SOURCE DATA –
-*-*-
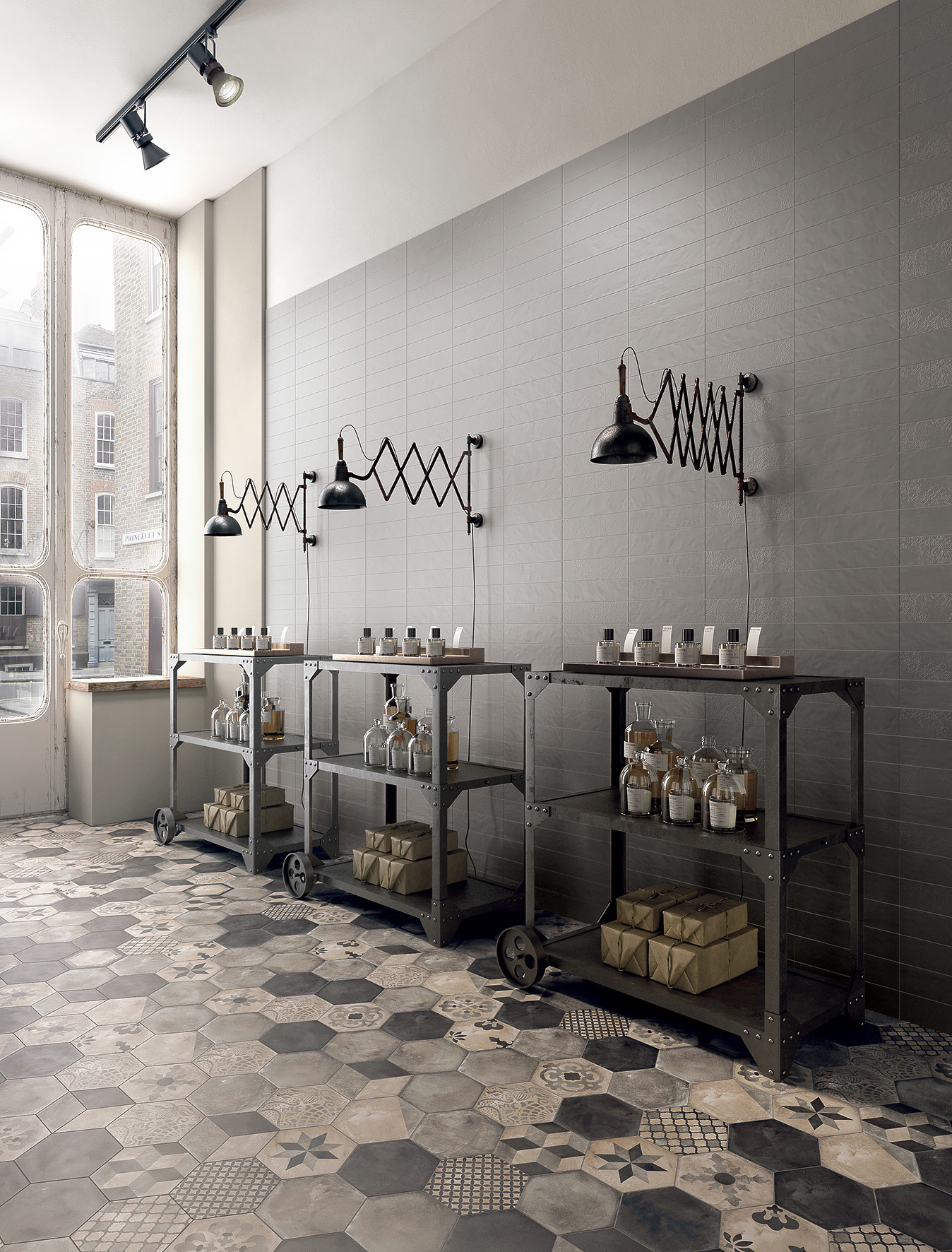 1741 Grigio is a warm beige tone with a taste of the past; inspired by the hand-made encaustic tiles from the mid-19th century.
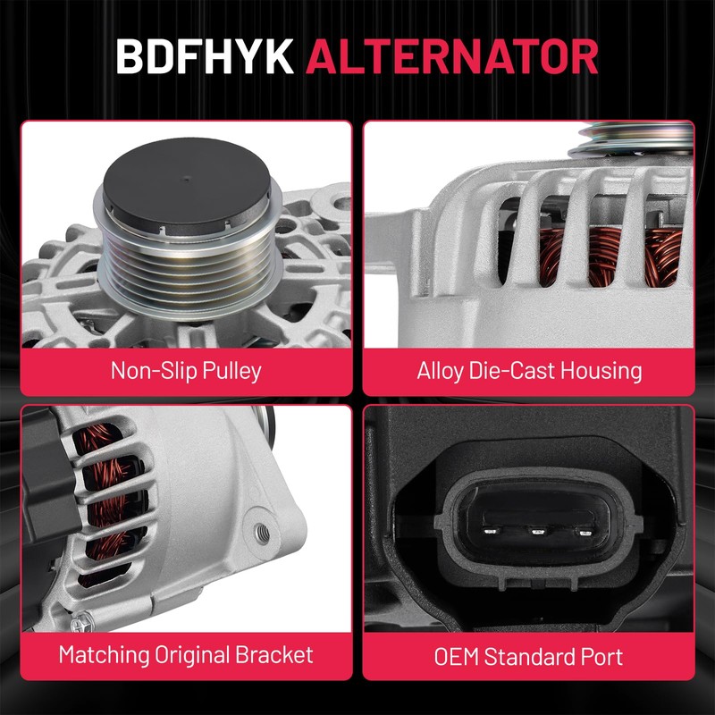 - 【Stable Output】 The BDFHYK alternator delivers consistent power to all vehicle electronics while efficiently charging the battery. Engineered with premium components, it withstands heat, vibration, and harsh road conditions for extended service life
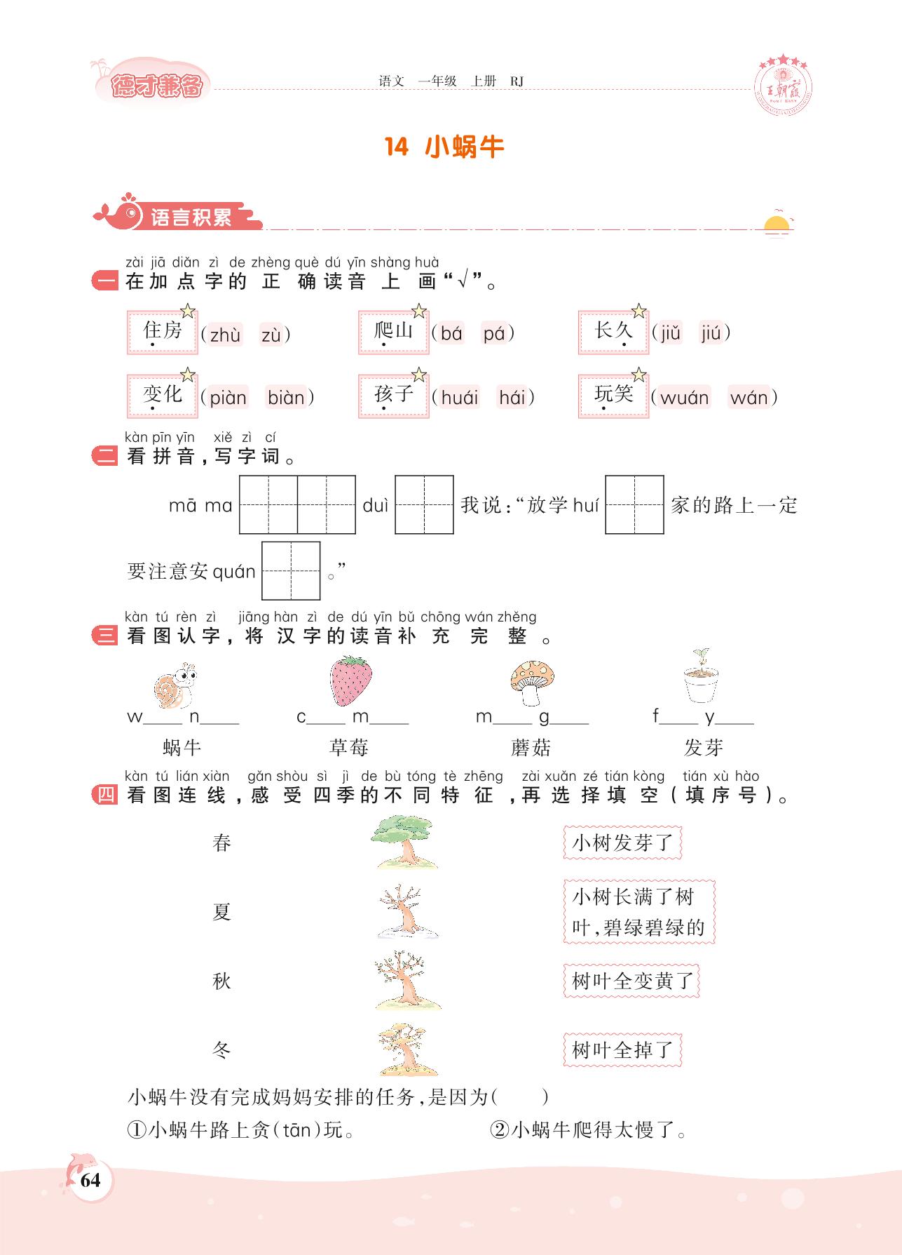 2021上册一年级语文人教版 第八单元 课文——14 小蜗牛
-*-*-
EXERCISE DIRECTIONS – The result should be a word-for-word restatement of all the data, without images.

RESPONSE TO THIS EXERCISE –
 1741 Grigio is a warm beige tone with a taste of the past; inspired by the hand-made encaustic tiles from the mid-19th century.
 - 【Stable Output】 The BDFHYK alternator delivers consistent power to all vehicle electronics while efficiently charging the battery. Engineered with premium components, it withstands heat, vibration, and harsh road conditions for extended service life
 2021上册一年级语文人教版 第八单元 课文——14 小蜗牛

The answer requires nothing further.